*** Begin section ***

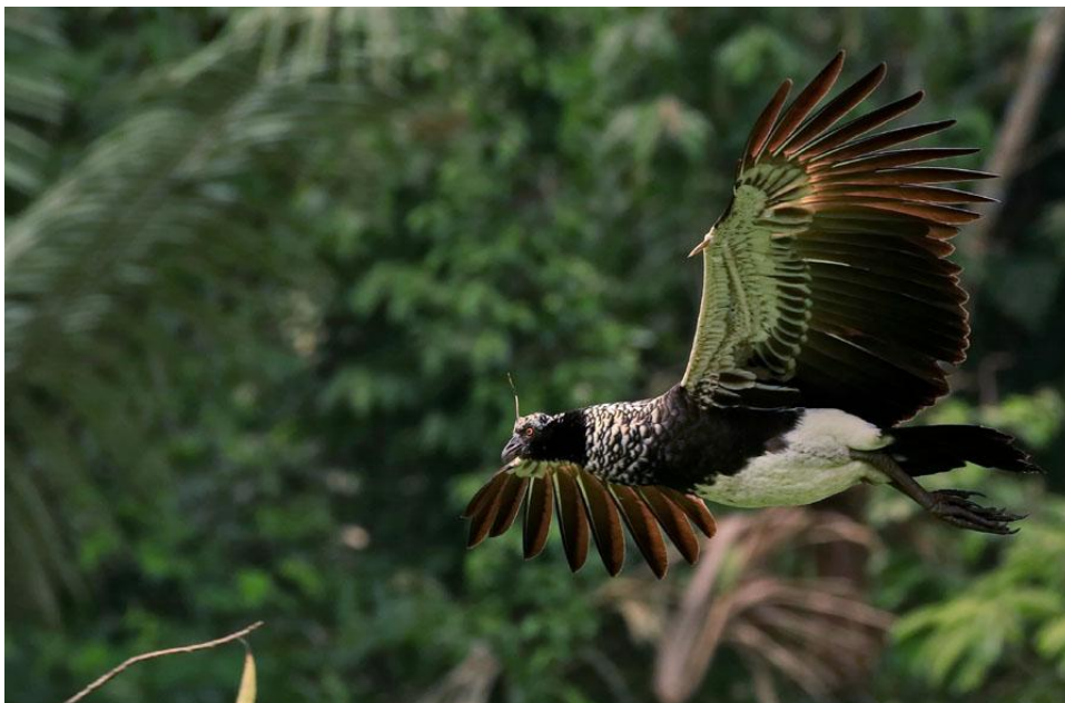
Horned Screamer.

*** End section ***
*** Begin section ***

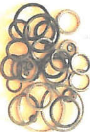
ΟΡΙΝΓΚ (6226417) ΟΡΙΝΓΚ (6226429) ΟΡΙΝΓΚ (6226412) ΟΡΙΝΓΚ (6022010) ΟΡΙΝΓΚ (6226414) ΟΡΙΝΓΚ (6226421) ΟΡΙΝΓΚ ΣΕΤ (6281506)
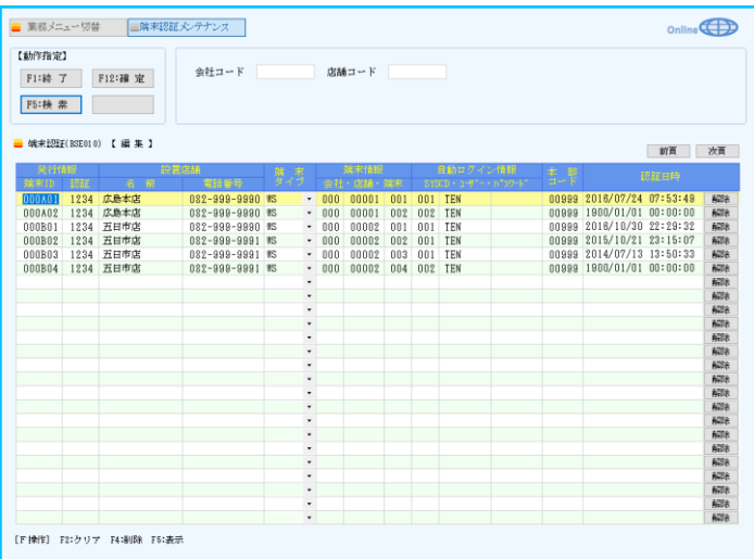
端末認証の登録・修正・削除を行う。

*** End section ***
*** Begin section ***

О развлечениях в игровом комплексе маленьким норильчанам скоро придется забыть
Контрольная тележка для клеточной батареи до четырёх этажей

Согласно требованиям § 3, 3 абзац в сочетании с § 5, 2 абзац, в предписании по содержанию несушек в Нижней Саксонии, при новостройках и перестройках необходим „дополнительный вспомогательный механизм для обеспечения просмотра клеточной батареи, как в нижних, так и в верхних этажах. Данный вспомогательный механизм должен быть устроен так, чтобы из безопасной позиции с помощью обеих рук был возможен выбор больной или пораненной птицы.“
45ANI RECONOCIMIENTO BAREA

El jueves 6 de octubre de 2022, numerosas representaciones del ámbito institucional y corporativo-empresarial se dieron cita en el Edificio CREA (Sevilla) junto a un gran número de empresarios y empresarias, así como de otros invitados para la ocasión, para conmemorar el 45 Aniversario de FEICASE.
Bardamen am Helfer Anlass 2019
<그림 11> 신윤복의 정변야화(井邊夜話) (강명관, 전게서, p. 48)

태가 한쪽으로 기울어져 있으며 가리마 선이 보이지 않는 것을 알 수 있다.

*** End section ***

Exercise goal: In the entries above, find the line with "<그림 11> 신윤복의 정변야화(井邊夜話) (강명관, 전게서, p. 48)" and the line with "태가 한쪽으로 기울어져 있으며 가리마 선이 보이지 않는 것을 알 수 있다.", then restate word for word both of them and every line between, with nothing more.

Output below:
<그림 11> 신윤복의 정변야화(井邊夜話) (강명관, 전게서, p. 48)

태가 한쪽으로 기울어져 있으며 가리마 선이 보이지 않는 것을 알 수 있다.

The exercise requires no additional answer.